WORK TASK:
Copy the data precisely, character for character, and leave out every picture.

STORED DATA:
..........

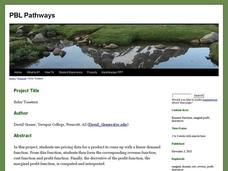 Help a company maximize their profits! A detailed project-based learning activity examines two production scenarios. Your young scholars write a linear demand function. They then apply the function to develop a revenue, cost, and profit...
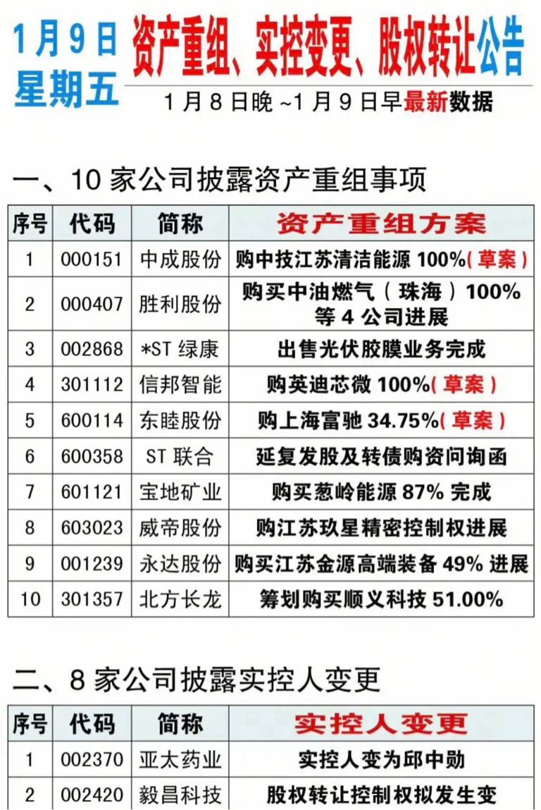 1.09周五最新:资产重组,实控人变更,股权转让公告!一、10家公司披露资产重组
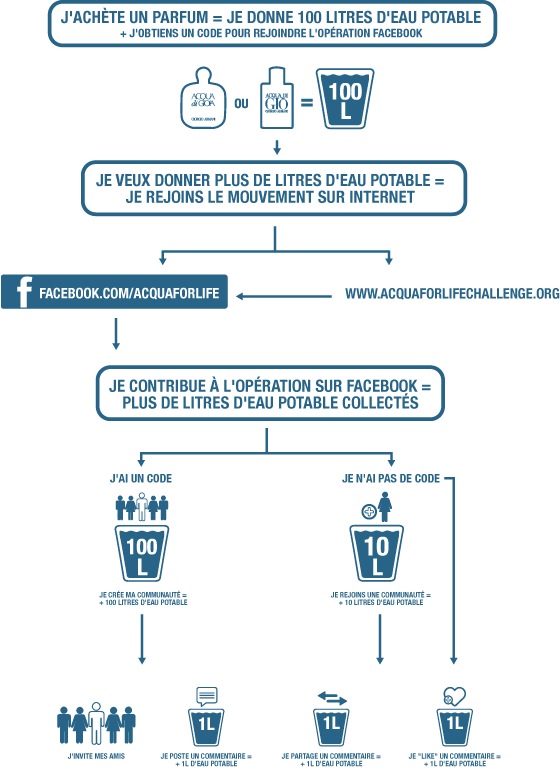 Depuis le 1er mars 2011, chaque flacon vendu génère un don de 100 litres d’eau potable par an aux enfants et à leur communauté. Les participants sont ensuite invités, grâce à un code personnel indiqué sur l’étui du parfum choisi, à prolonger leur action sur Facebook via l’application Acqua For Life Challenge : http://www.facebook.com/acquaforlife
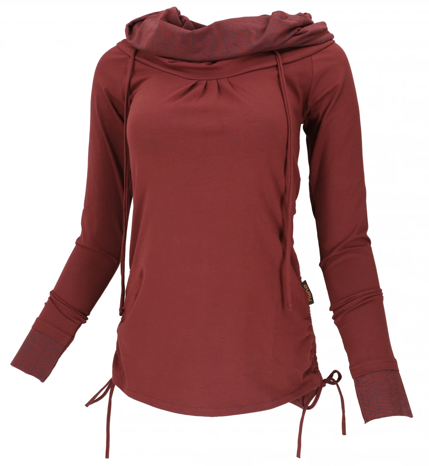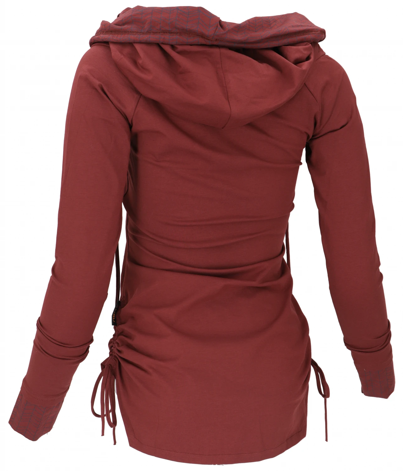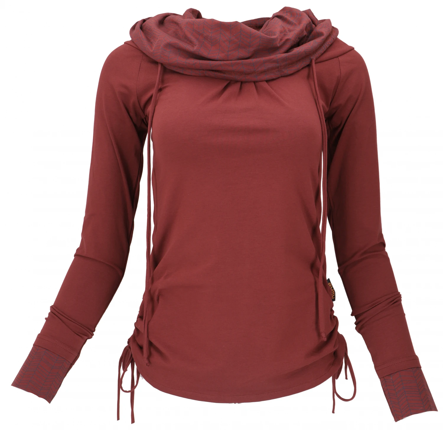 Longshirt Aus Bio-Baumwolle, Boho Shirt Schalkapuze – Dattelbraun/blau

..........

ANSWER SECTION:
 Help a company maximize their profits! A detailed project-based learning activity examines two production scenarios. Your young scholars write a linear demand function. They then apply the function to develop a revenue, cost, and profit...
 1.09周五最新:资产重组,实控人变更,股权转让公告!一、10家公司披露资产重组
 Depuis le 1er mars 2011, chaque flacon vendu génère un don de 100 litres d’eau potable par an aux enfants et à leur communauté. Les participants sont ensuite invités, grâce à un code personnel indiqué sur l’étui du parfum choisi, à prolonger leur action sur Facebook via l’application Acqua For Life Challenge : http://www.facebook.com/acquaforlife
 Longshirt Aus Bio-Baumwolle, Boho Shirt Schalkapuze – Dattelbraun/blau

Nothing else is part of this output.